行政機関が業務にチャットGPTを導入するなど、人の仕事を人工知能が担うケースは着実に増えている。代替が進んだとき、社会はどのような姿に変わるのか。そして人が幸福に働ける社会を作るためには、AIとどのように向き合えばいいのだろうか。「人工知能の哲学」を研究する東京大学大学院総合文化研究科の鈴木貴之教授と、リクルートワークス研究所の大嶋寧子主任研究員が、AIと労働の将来の姿について話し合った。
道具としてAIを捉え、人間が使い方をデザインする
大嶋:鈴木先生の専門である哲学に、人工知能がどのように関わってくるのかについて教えてください。
鈴木:私は心に関する理論的・原理的問題を考える「心の哲学」を研究しています。この領域では、人工知能研究が始まった1950年代から、人工知能には何ができて何ができないかということが議論されてきました。人工知能研究が究極的に目指すのは、計算や会話、運動などさまざまな能力を備えた、汎用で自律型の人工知能、つまり、SF映画に登場するような人工知能を作ることです。
現在、計算なら計算、チェスならチェスなど特定の課題に特化した高性能なAIはありますが、汎用性の高いAIの実現には、まだ高いハードルがあります。これまで、多くの哲学者は、汎用人工知能の実現可能性には否定的な立場を取ってきました。
大嶋:人間に近い姿を目指すほど「人とは何か」という問いに直面し、倫理的な問題も発生する。だからこそ哲学者は否定的なのでしょうし、実現するとしてもまだまだ時間がかかるだろうことは想像がつきます。一方、先生は人間らしい生き方や働き方をアシストするという「道具としてのAI」の持つ可能性を指摘しています。道具としてのAIと、汎用人工知能の本質的な違いはどこにありますか。
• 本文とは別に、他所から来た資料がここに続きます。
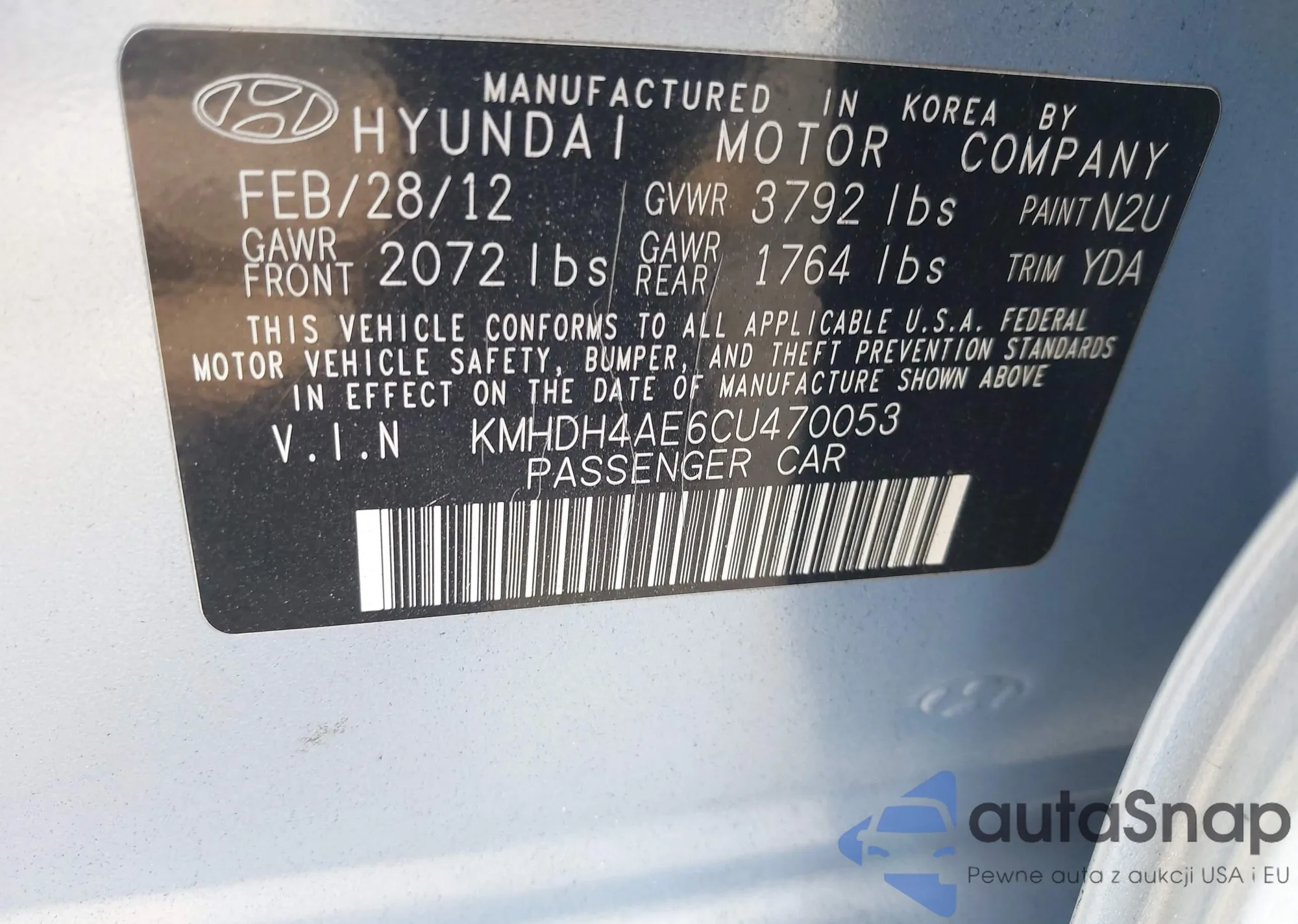 VIN: KMHDH4AE6CU470053

鈴木:汎用人工知能が一人の人間に置き換わることを目指すものなのに対して、道具としてのAIは、人間の足りない部分を補い、能力を拡張することを目指すものです。道具としてのAIが目指すのは、電卓を使うことで人間の計算能力を高めるのと同じように、AIを利用することで、人間のさまざまな能力を向上させたり、拡張させたりすることです。道具としてのAIと「何でもできる」汎用型AIとは目指す方向性が異なるので、両者の違いを区別し、道具としてのAIの開発に取り組んだ方が、少なくとも短期的には役立つし、活用の可能性も広がると考えています。